Marcus Stormchaser said:


> I have a similar question. How do fursuit makers get colors that aren't available in fur online? Airbrushing? Dyeing?
> Say you want some obscure color for your suit like, say, cerulean (bluer than azure, greener than blue). How would you get that to work? Or would the commissioner have to pick another, more common color, altering their reference? I'm wondering this because I'll be comissioning in the future and my character would use a couple yards of greenish-blue fabric.



Depends on the maker, mine picked just a normal blue. Another airbrushed my spots which looks alittle wrong to my ref:

http://www.furaffinity.net/view/5872715/
http://www.furaffinity.net/view/10088931/

I'd just stay in communication with your maker and make sure they are picking your right colors.


----------



## DerpyTurtle (Aug 14, 2013)

I'm on my iPod now and see the color differently on your ref xP /shrug, unless you're going to dye fur you can't be super picky about the color. Only so many fur colors exist in the same type of fur.

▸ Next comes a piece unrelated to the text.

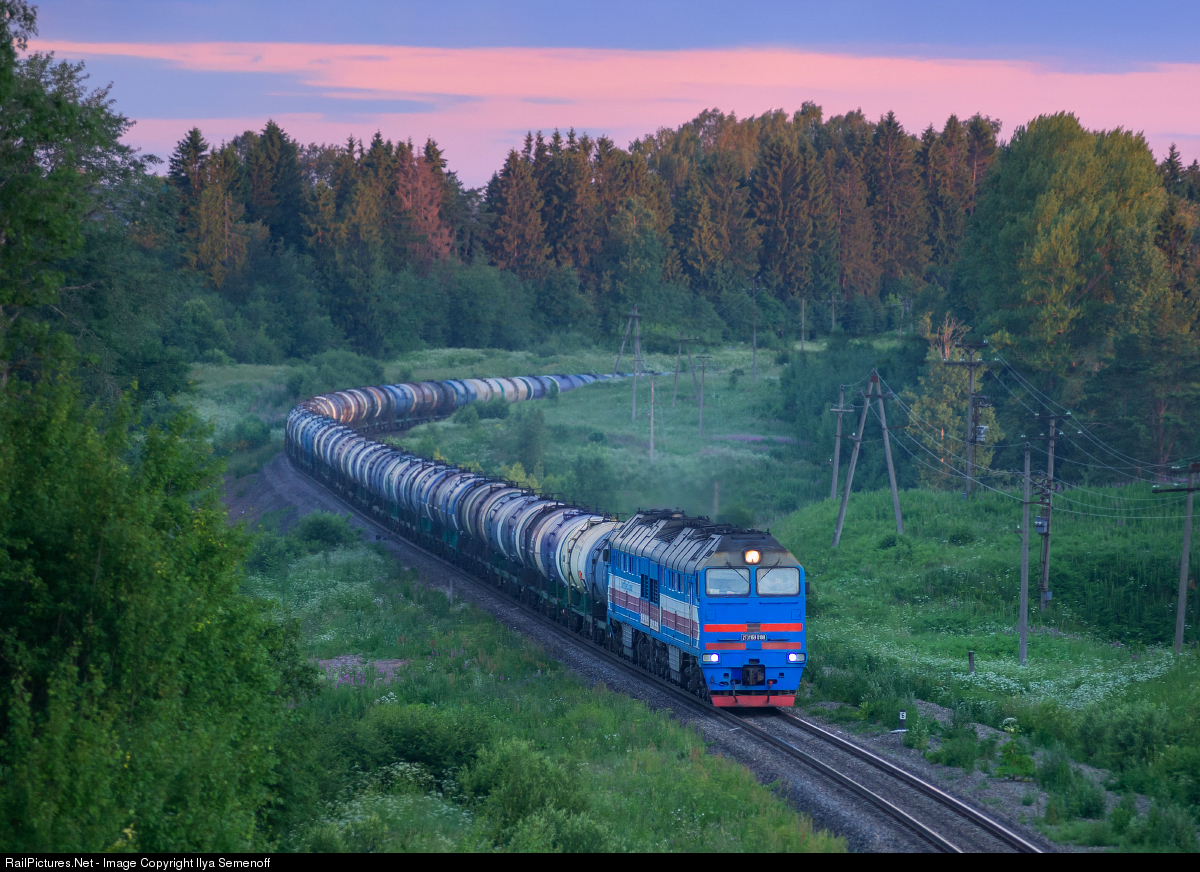 2TE116UD diesel locomotive with oil train goes ay early morning near Valday station, Novgorod region. This train belongs to a private company "BaltTransService" (BTS) affiliated by "Transnefteproduct". "BaltTransService" (БТС) is one of the largest private operators of oil cargo in Russia, the CIS and Baltic countries.

People with mint, teal etc. fur are kind of out of luck lol.


----------



## Shannon (Aug 27, 2013)

Pay the price and buy it from overseas.. honestly, or have it custom dyed if you do havea weird strange color fur..

I had to order half a yard of fur from austrailia because no where else carries it, my friends fur came from france, and his is teal.. you pay, but if it's what you want.. thats what you do...


----------